1. An installation for producing a principal flow of hot gases which comprises a first nozzle for producing at least one elementary flow of fluid, said first nozzle including a channel with an outlet and an electrode disposed substantially along the longitudinal axis of said channel and having a front extremity which extends to a plane at least flush with respect to the end of said channel, the annular space formed within said channel and around the electrode forming the ejection channel for said elementary flow; at least one second nozzle for producing another fluid flow said first nozzle and second nozzle being positioned relative to each other so as to cause said elementary flow to converge with said another fluid flow for producing a principal flow resulting from the convergence of said elementary flow and said another fluid flow; said electrode and said second nozzle being connected in a normally open electrical circuit including an external voltage source which is capable of producing a voltage sufficient to cause completion of said circuit through said elementary flow and said another fluid flow when the electrical resistance therein is reduced; and means for producing a plasma flow having a cross section greater than that of said elementary flow and said another fluid and so positioned as to permit ionization of the atmosphere in which said elementary flow and said another fluid flow are formed to thereby cause a reduction of the electrical resistance in, and an ionisation of, said elementary flow and said another fluid flow.

8. An installation for producing a principal flow of hot gases which comprises at least two nozzles for producing a corresponding number of elementary flows of fluid, each of said nozzles including a channel with an outlet and an electrode disposed substantially along the longitudinal axis of said channel and having a front extremity which extends at least to a plane flush with respect to the end of said channel, the annular space formed within the channel and around the electrode forming the ejection channel for the corresponding elementary flow; said nozzles being positioned relative to one another so as to cause their respective elementary flows to converge with one another for producing a principal flow resulting from the convergence of said elementary flows; the electrodes of said nozzles being connected in a normally open electrical circuit including an external voltage source which is capable of producing a voltage sufficient to cause completion of said circuit through said elementary flows when the electrical resistance therein is reduced; and means for producing a plasma flow having a section greater than that of said elementary flows and so positioned as to ionize the atmosphere in which said elementary flows are formed to thereby cause a reduction of the electrical resistance in, and an ionization of, said elementary flows.

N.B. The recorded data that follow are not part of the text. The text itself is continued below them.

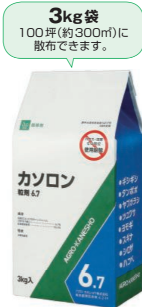
※5kg包装と1kg包装もあります
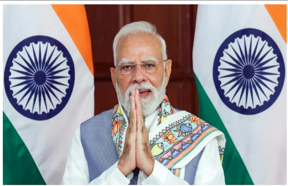
और आसान टीमवर्क के जरिए हमारे देश की क्षमता को बढ़ाया है।

को वैश्विक खेल मानचित्र पर मजबूती से स्थापित किया है। 'वसुधैव कुटुम्बकम्' की भावना के साथ, हम इन ऐतिहासिक खेलों को अद्भुत उत्साह के साथ मनाने के लिए उत्सुक हैं। हम दुनिया का स्वागत करने के लिए उत्सुक हैं।" केंद्रीय गृह मंत्री अमित शाह ने लिखा, "भारत के अहमदाबाद में 2030 कॉमनवेलथ गेम्स की मेजबानी करने की प्रतिष्ठित बोली जीतने पर प्रत्येक देशवासी को बधाई। यह प्रधानमंत्री नरेंद्र मोदी के भारत को एक ग्लोबल स्पोर्ट्स हॉटस्पॉट बनाने के विजन का सबूत है। एक दशक से ज्यादा की मेहनत के बाद, पीएम मोदी ने वर्ल्ड-क्लास स्पोर्ट्स इन्फ्रास्ट्रक्चर बनाया है और असरदार गर्वनेस
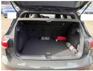
Innenraum - Kofferraum
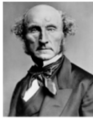
John Stuart Mill (1806-1873)
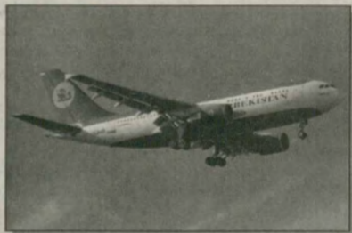
Самолет пассажирский А310 трехклассной компоновки (3 шт.)

В связи с унификацией самолето-моторного парка Национальная авиакомпания «Узбекистон хаво йуллари» предлагает к продаже авиационную технику
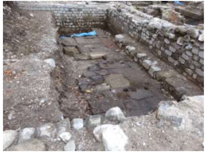
Doc 12 bis vestiges archéologiques supposés du scriptorium
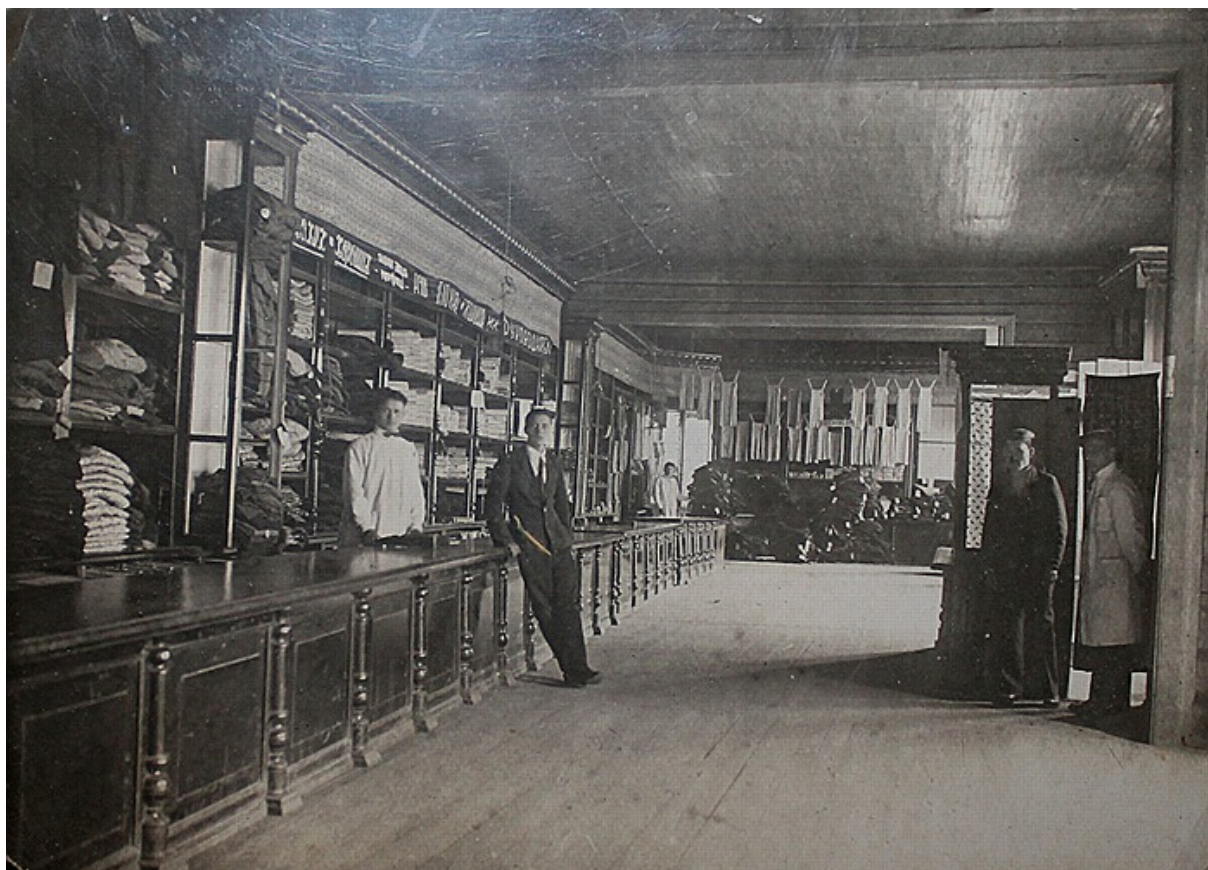
Начало XX века. Интерьер магазина.
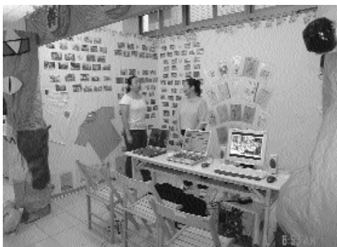
充滿懷舊氣氛的幹訓班！

紙雕塑「幹訓班」營門佈置、製作精緻的假營火，陳列數百張從民國七十六年到九十年的活動照片，歷屆冬夏令營活動手冊如今斑駁而珍貴，張貼著康輔進修會、幹訓班冬夏季營隊制服，走進這裡有如時光倒流，青青子衿、熱血服務、歡樂時光，全化
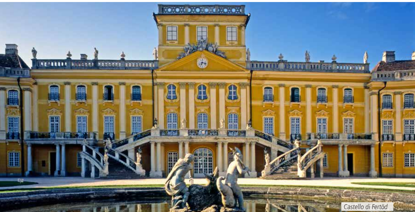
Castello di Fertöd

nedetina di origini antiche ma ricostruita agli inizi del Settecento in stile barocco. Nella cripta romanica è sepolto Re Andrea I, fondatore dell'edificio originale nel 1055. Proseguimento per Balatonfüred, principale centro di villeggiatura della riva settentrionale del lago, reso famoso dalle sue acque curative. Il più originale degli stabilimenti termali, in pieno stile Secessione, porta il nome dell'imperatrice Elisabetta. E' curioso poi vedere nei giardini pubblici le statue dedicate ai frequentatori più famosi di questa località tra cui spiccano i nomi di R. Tagore e del poeta italiano Salvatore Quasimodo. Nel tardo pomeriggio partenza per Budapest. All'arrivo sistemazione e cena in hotel. In serata possibilità di partecipare ad un tour della città illuminata (facoltativo e in supplemento) che, con i suoi monumenti e ponti magistralmente illuminati lungo il Danubio, offre uno spettacolo indimenticabile. Pernottamento in hotel.
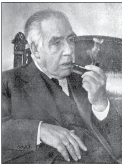
Нильс Хенрик Давид Бор (1885—1962)
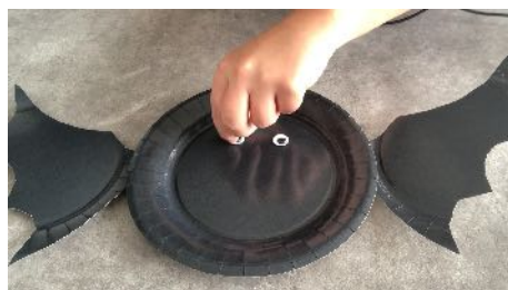
Coller les yeux
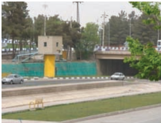
شکل ۱۸-۱- تصویر یکی از چاه‌های آب داخل رودخانه

۳- چاه‌های علی‌آباد: در حدود ۱۳ حلقه چاه در دشت علی‌آباد واقع در شمال غرب استان حفر شده است که بخشی از آب
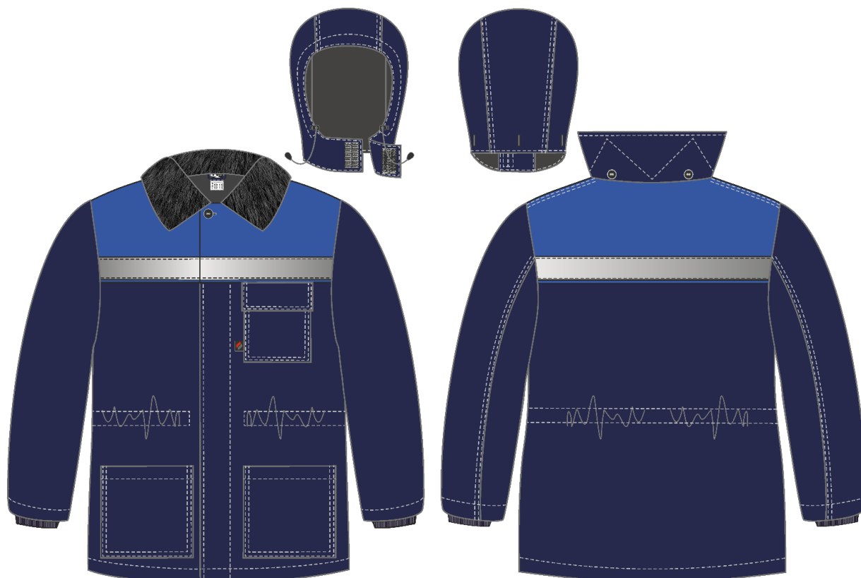
Рис. 4. Эскиз Костюм зимний Труженик-Ультра (тк.Смесовая,210) брюки, т.синий/васильковый, куртка, вид спереди и сзади. Капюшон.
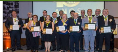
Comendadores homenageados em 2017
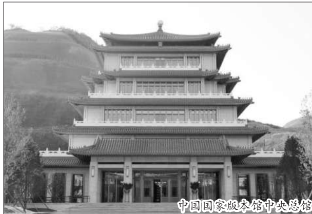
中国国家版本馆中央总馆
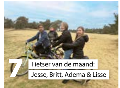
7 Fietser van de maand: Jesse, Britt, Adema & Lisse
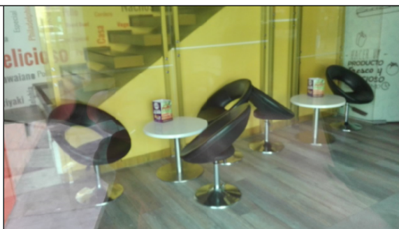
Fotografía 2 Área donde está la boca del pozo pz-02-0002, cubierta por placa en concreto y baldosa
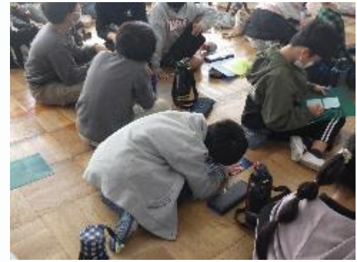
授業の感想を記入
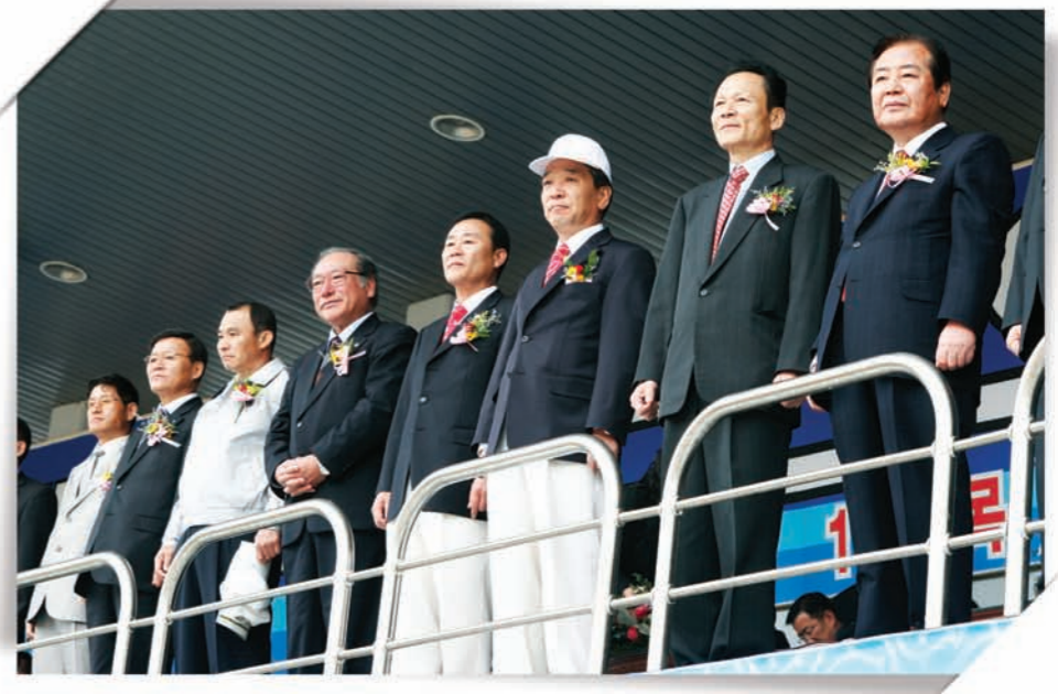
✧ 제33회 군민의날 행사 (2007. 11. 1)
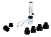
Dispensador de Volume Variável
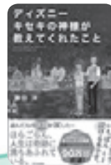
ディズニーキセキの神様が教えてくれたこと 鎌田 洋 SBクリエイティブ
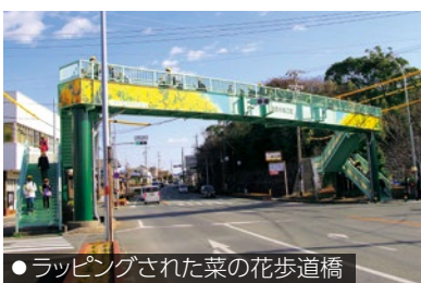
●ラッピングされた菜の花歩道橋
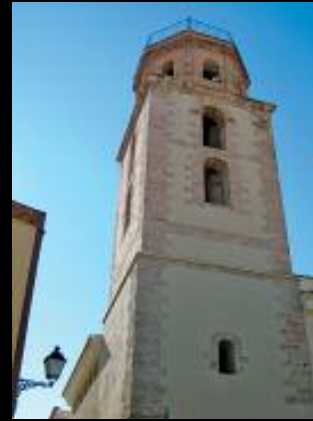
Acuerdo con el Ayuntamiento de Alhama de Almería (Almería), para la iluminación de la Torre de la Iglesia de San Nicolás de Bari.
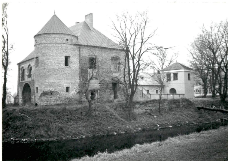
← Widok od strony pd.-wsch.

11. An installation according to claim 9, which comprises n of said nozzles and wherein said voltage external source is a polyphase current generator having n + 1 phases, one of the phases of said polyphase generator being connected to at least one of the electrodes of the plasma torch, the n other phases of said polyphase generator being respectively connected to the electrodes associated with the n nozzles.

17. An installation according to claim 9 wherein said nozzles form several groups, the nozzles of a same group being positioned such that the flows which they deliver converge substantially at a point on the axis of the plasma flow produced by said pilot plasma torch, the points of convergence of the elementary flows produced by the nozzles of said different groups being located at different distances of said torch, and the electrodes of the nozzles in each of said groups being provided within an electrical circuit exclusively associated witH that group and having a separate, individual external voltage source.

23. Installation according to claim 22, wherein the two parts of the pilot generator are constituted of a same material.

24. Installation according to claim 23, wherein said same material is copper.